The monitoring report, required by the settlement and covering the period September 15, 2007, to March 15, 2008, found that DeKalb County has:
- Exceeded requirements for reducing attorneys’ caseloads. At the time the Kenny A. lawsuit was filed in 2002, DeKalb County had only two child advocate attorneys (CAAs), each representing approximately 500 child clients. Today, the county has 11 full-time CAAs with caseloads consistently under 100 child clients per attorney — generally remaining within a 65- to 90-client range — surpassing the settlement’s requirement of no more than 130 children per attorney.
- Improved the quality of legal representation for children in foster care. When Kenny A. was filed, children rarely met the CAAs assigned to them or received explanations of court proceedings. Today’s report showsCAAs now meet regularly with child clients in their foster placements and schools, as well as in the courtroom.CAAs also now thoroughly document interviews with their child clients, which include age-appropriate explanations of the court process and the role of counsel. The monitor also notes that CAAs are obtaining more information about their child clients and better meeting their clients’ special needs, particularly in the areas of education and immigration issues.
- Improved management and administration, including staff supervision and training. DeKalb County also now conducts regular staff performance evaluations and continues to improve in-house staff training while also providing access to regional, state, and national training opportunities. Additionally, the report notes that DeKalb is in the process of enhancing its case-tracking system to ensure that children’s legal needs are addressed in a timely fashion, and has restructured the paralegal position to enhance case-management support.
Amid the praise for DeKalb County’s progress, the report highlights several serious and ongoing problems in Georgia’s Division of Family and Children Services (DFCS) that threaten to undermine effective legal representation of foster children, including:
- Lack of continuity among children’s DFCS case managers. CAAs reported that child clients regularly have as many as six different DFCS managers assigned to them during their time in state custody, due in part to high staff turnover. The constant transfer of cases to often new and inexperienced workers results in the loss of critical information and delayed placement of children into permanent homes.

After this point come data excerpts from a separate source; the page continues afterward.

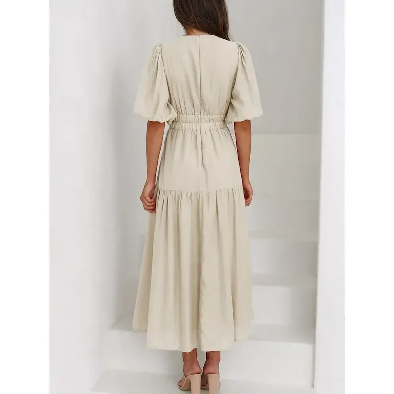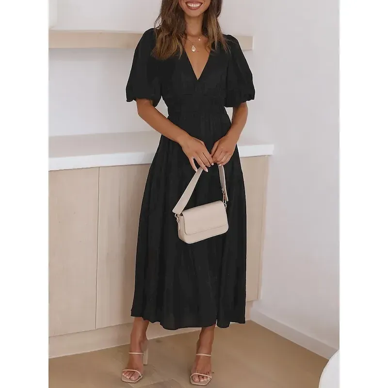 Womens-Maxi-Dress-Casual-Dress-Swing-Dress-Basic-Casual-Vacation-Daily-Regular-Fit-Plain-Short-Sleeve-V-Neck-Black-Green-Apricot-Light-Blue-Summer
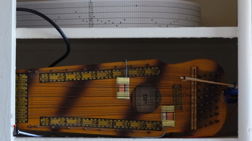 Zither, 2 servo motors, electromagnetic pickups and vibrational feedback
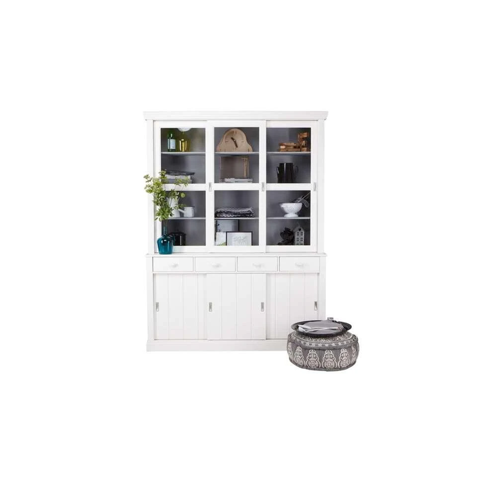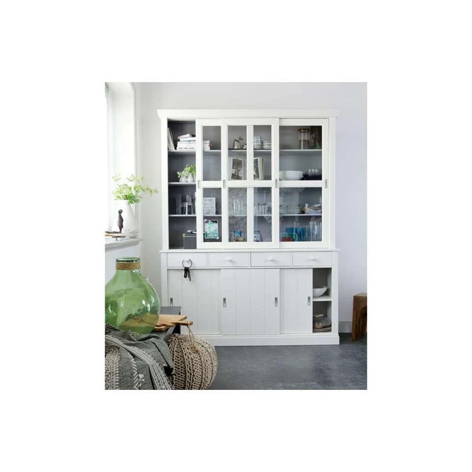 Woood buffetkast Lagos is een hele ruime kast met 4 lades, schuifdeurtjes en deurtjes met glas. Zet je mooiste servies achter de glazen deurtjes. In de lades kun je bijvoorbeeld bestek leggen en andere losse spullen. Onderin vind je ook een zee aan opbergruimte. Deze kast voelt zich thuis in een eetkamer met een landelijk stoere stijl. Deze royale kast is vervaardigd uit massief grenenhout.
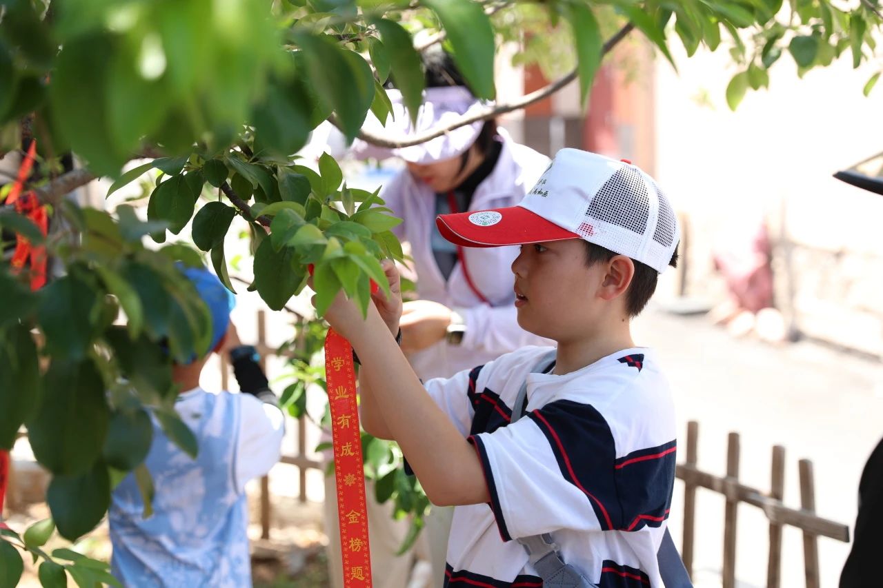 在狀元溝村,孩子們聆聽曹鴻勛狀元故事,參觀千年流蘇樹,制作并懸掛心愿卡片,在狀元門前拍照打卡,了解了狀元文化和中國古代科舉制度知識,感受了狀元溝村崇文重教的傳統(tǒng)風俗。

- Failure to notify the court or CAAs of changes in children’s placements. The monitor found many instances in which DFCS failed to alert the court and the child’s legal representative when a foster child was moved, though it is legally required to do so. This prevents CAAs from seeing child clients in their home settings and from challenging the suitability of children’s placements in a timely fashion when necessary.
- Lack of standardized process for conducting home evaluations and lack of consistency in DFCS policy for placing children based on those evaluations. DFCS frequently reports that a foster home evaluation is favorable and places a child in the home when major components of the evaluation are incomplete. Yet the monitor reports many instances in which DFCS denied foster parents’ requests for subsidies to help cover the costs of caring for a foster child on the grounds that their home evaluations were incomplete.
“It is unfortunate that the Georgia Department of Family and Children Services’ failures are still casting shadows on the impressive progress that DeKalb County has made,” Lustbader said. “The biggest obstacle to effective legal representation for abused and neglected children should not be the state’s own child welfare system.”